HOW TO COMPLETE THIS TASK: Begin at the line with "- BeanShell API" and output every line through the end of the records, exactly as given. Omit pictures.

Start of THE INPUT

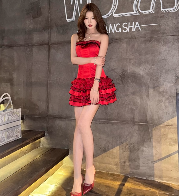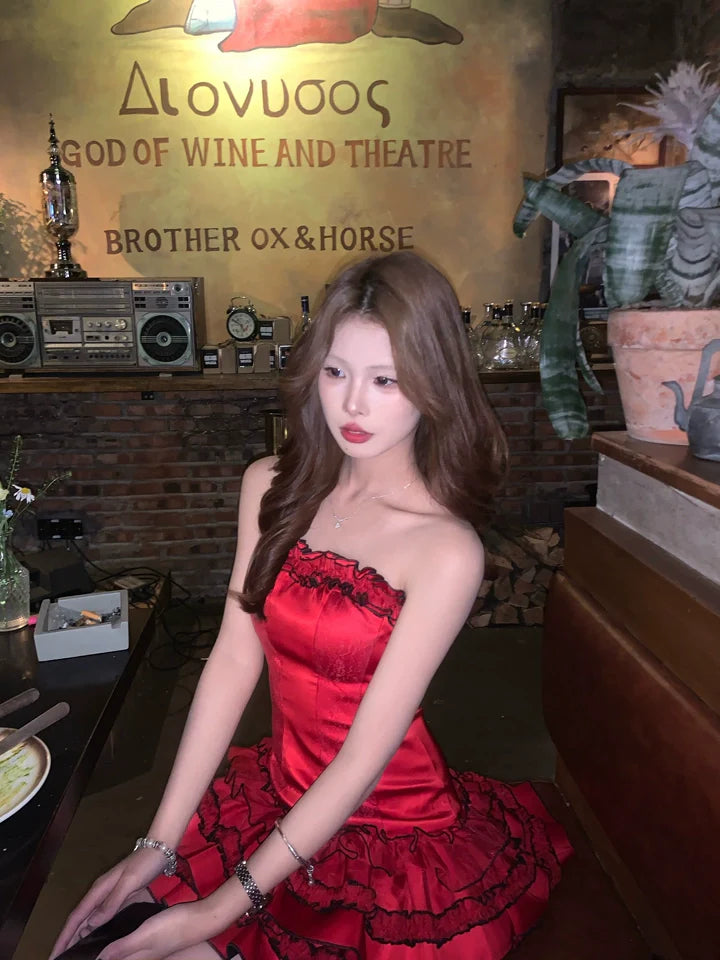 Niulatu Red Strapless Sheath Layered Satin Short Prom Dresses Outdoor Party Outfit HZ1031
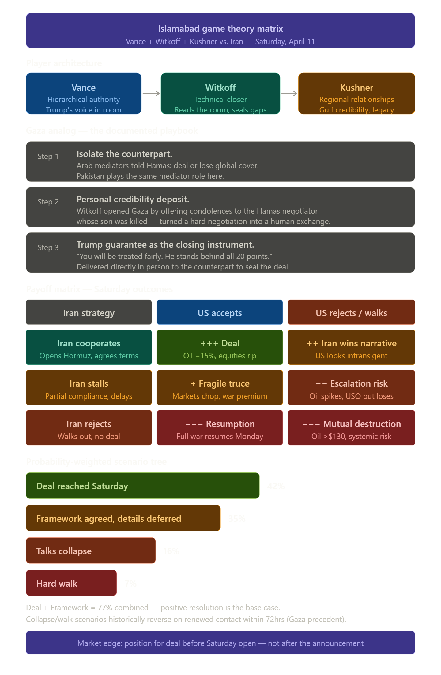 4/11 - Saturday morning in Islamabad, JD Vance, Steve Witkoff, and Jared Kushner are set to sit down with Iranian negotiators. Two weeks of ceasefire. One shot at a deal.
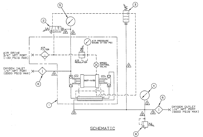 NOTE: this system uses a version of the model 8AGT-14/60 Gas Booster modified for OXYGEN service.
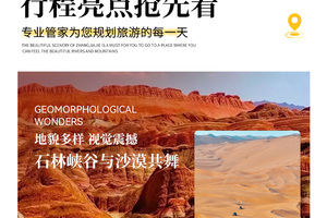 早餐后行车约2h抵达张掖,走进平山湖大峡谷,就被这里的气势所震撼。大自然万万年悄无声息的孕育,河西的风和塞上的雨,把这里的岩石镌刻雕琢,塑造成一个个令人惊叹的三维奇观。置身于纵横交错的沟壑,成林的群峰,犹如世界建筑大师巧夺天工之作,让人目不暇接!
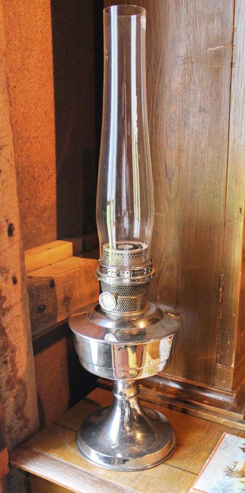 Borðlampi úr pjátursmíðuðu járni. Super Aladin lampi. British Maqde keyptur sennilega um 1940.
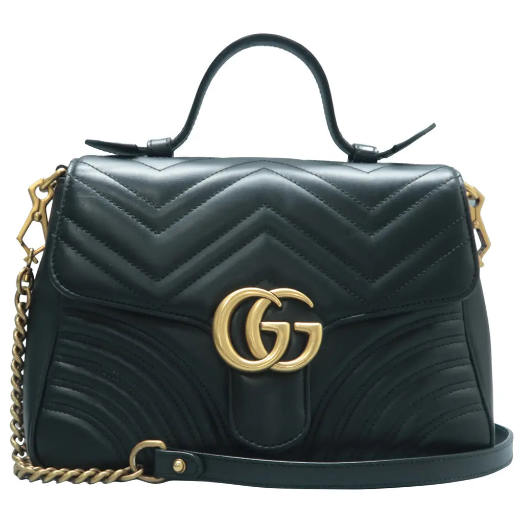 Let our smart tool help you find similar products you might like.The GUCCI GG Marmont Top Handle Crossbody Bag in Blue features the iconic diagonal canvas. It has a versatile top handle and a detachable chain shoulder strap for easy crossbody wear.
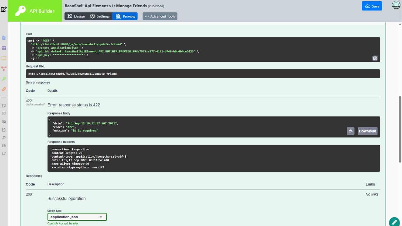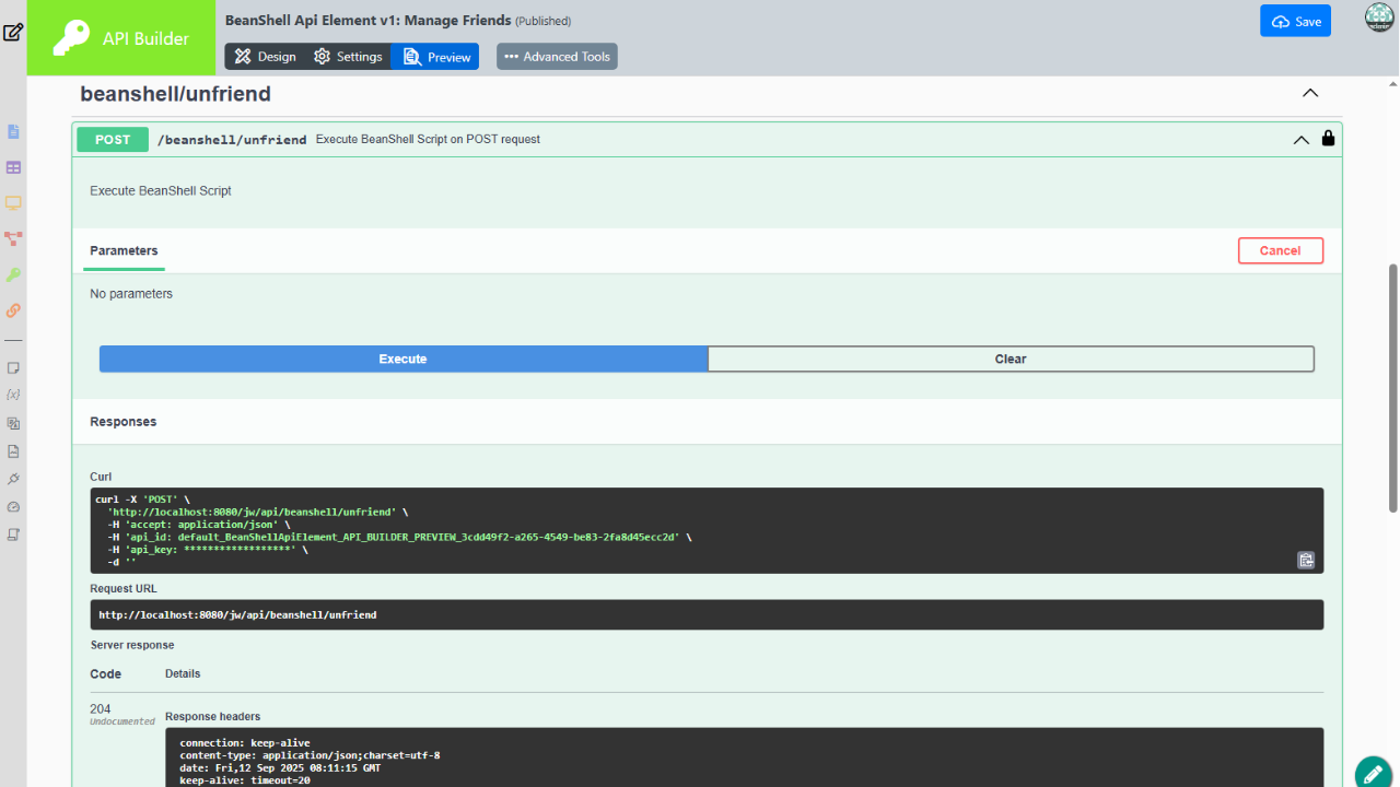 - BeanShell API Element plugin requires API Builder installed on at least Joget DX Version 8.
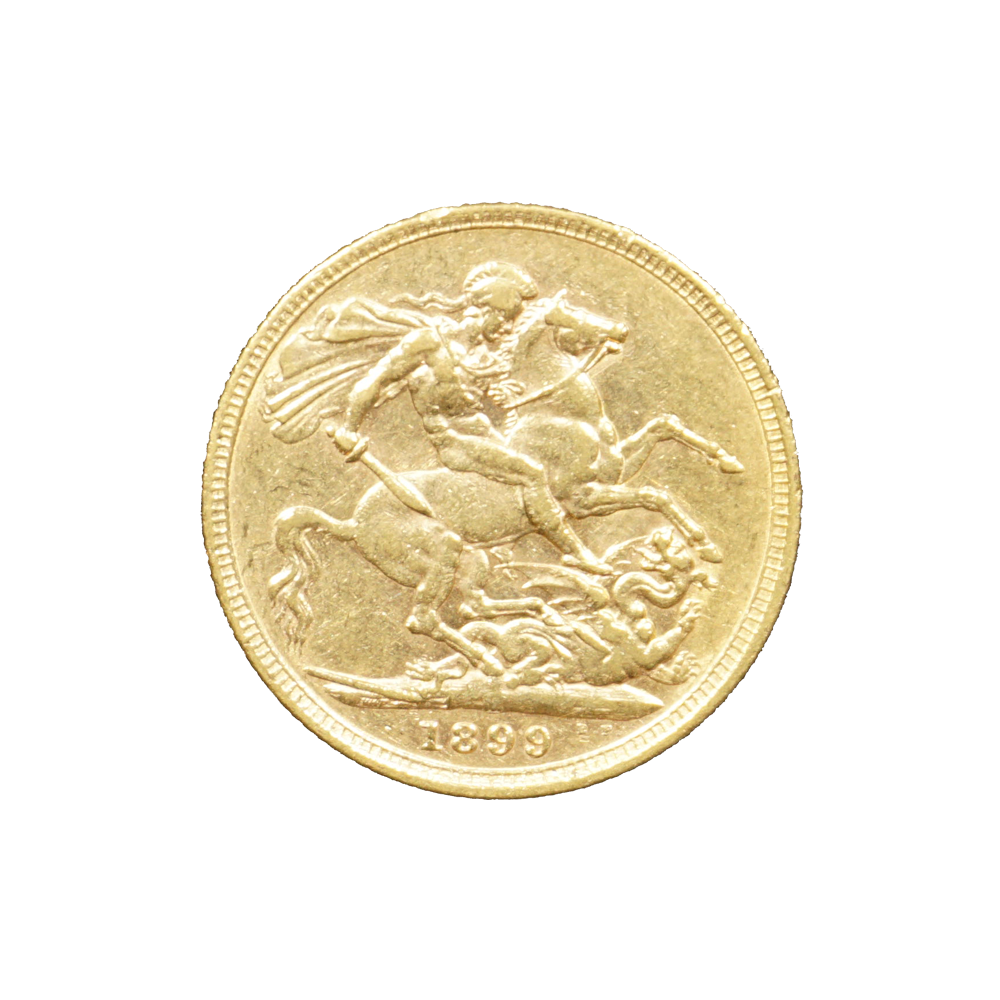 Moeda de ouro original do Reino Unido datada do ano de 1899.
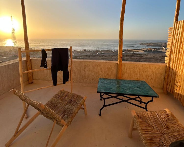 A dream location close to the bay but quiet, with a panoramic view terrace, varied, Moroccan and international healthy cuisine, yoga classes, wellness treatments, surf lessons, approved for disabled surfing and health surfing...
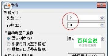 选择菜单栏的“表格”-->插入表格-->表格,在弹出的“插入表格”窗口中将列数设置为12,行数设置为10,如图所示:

End of THE INPUT

RESULT:
 - BeanShell API Element plugin requires API Builder installed on at least Joget DX Version 8.
 Moeda de ouro original do Reino Unido datada do ano de 1899.
 A dream location close to the bay but quiet, with a panoramic view terrace, varied, Moroccan and international healthy cuisine, yoga classes, wellness treatments, surf lessons, approved for disabled surfing and health surfing...
 选择菜单栏的“表格”-->插入表格-->表格,在弹出的“插入表格”窗口中将列数设置为12,行数设置为10,如图所示:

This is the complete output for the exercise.